Peter Lawson kommt aus Sierra Leone und lebt seit vier Jahren in einem Heim
für Asylbewerber im Landkreis Uckermark nahe der polnischen Grenze. Genauer
gesagt: in einer ehemaligen russischen Kaserne im Wald nahe Crussow. Zum
Sport ging der junge Mann regelmäßig nach Schwedt. Im Januar wurde er dort
von zwei Neonazis verprügelt. Noch heute leidet er unter den Folgen der
schlimmen Verletzungen. Hinzu kommt, dass er sich fast nicht mehr vor die
Tür traut und sich nicht mehr den rassistischen Beschimpfungen in den
Kleinstädten Schwedt und Angermünde aussetzen will.
„Mit unserer Hilfe hat Peter Lawson einen Antrag gestellt, nach Prenzlau
umziehen zu dürfen“, erklärt Kay Wendel, der den Fall zuvor geschildert
hat. Er ist Projektleiter beim Verein Opferperspektive in Potsdam. Peter
Lawson ist eines der Opfer rechtsextremer Gewalt, um die sich die
Opferperspektive seit 1998 kümmert. „Rund 200 Menschen haben wir im
vergangenen Jahr betreut“, sagt Geschäftsführerin Judith Porath. Hier im
Büro in der Potsdamer Schloßstraße besprechen und koordinieren sieben
Mitarbeiter notwendige Hilfen und Unterstützungen für Betroffene aus
Brandenburg.
Zum Beispiel für Mehmet Cimendag, dessen Döner-Stand in Rheinsberg komplett
abgebrannt ist. „Es war bereits der vierte Anschlag mit fremdenfeindlichem
Hintergrund auf seinen Imbiss“, sagt Kay Wendel.
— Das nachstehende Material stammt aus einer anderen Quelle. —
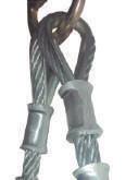 Estrobos de acero, confeccionados en cables con alma de acero y fibra, prensados hidráulicamente con casquillos de acero cónicos de alta resistencia, trenzados con sistema de seguridad, certificados con norma ASME B30.9, factor 5:1.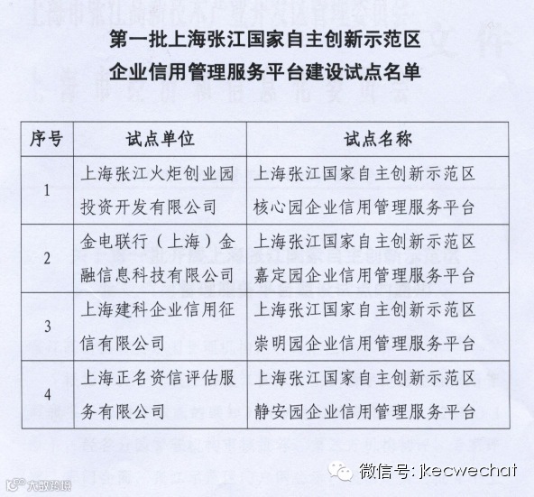 2014年11月,上海张江国家自主创新示范区企业信用管理服务平台建设试点单位名单公布,第一批4家单位中,上海建科企业信用征信有限公司榜上有名。

Nun sammele die
Opferperspektive Spenden, damit sich Mehmet Cimendag bald wieder eine
Existenz aufbauen kann. „Rund 15.000 Euro sind schon zusammengekommen.“
Neben finanzieller Hilfestellung veröffentlicht der Verein
Aufklärungsmaterial und sorgt für juristische und psychologische Betreuung.
„Wir vermitteln den Geschädigten Therapeuten und Anwälte und begleiten sie
zu Prozessen“, erklärt Judith Porath und verweist darauf, dass es gar nicht
so einfach sei, geeignete Juristen zu finden: „Wir nehmen natürlich keinen,
der schon einmal einen rechten Schläger verteidigt hat.“ Zum Beispiel hat
sich der Verein eines Mannes aus Frankfurt (Oder) angenommen, dessen
Schicksal gerade für Aufsehen sorgte. Drei rechtsextreme Skinheads und zwei
Frauen haben den 23-Jährigen fast zu Tode gequält; mittlerweile sind sie zu
Haftstrafen verurteilt worden.
## Gezielte Opfersuche
Außerdem betreiben die Mitglieder der Initiative systematische Opfersuche.
Zeitungen werden gewälzt, Fälle recherchiert und Leidtragende aufgesucht.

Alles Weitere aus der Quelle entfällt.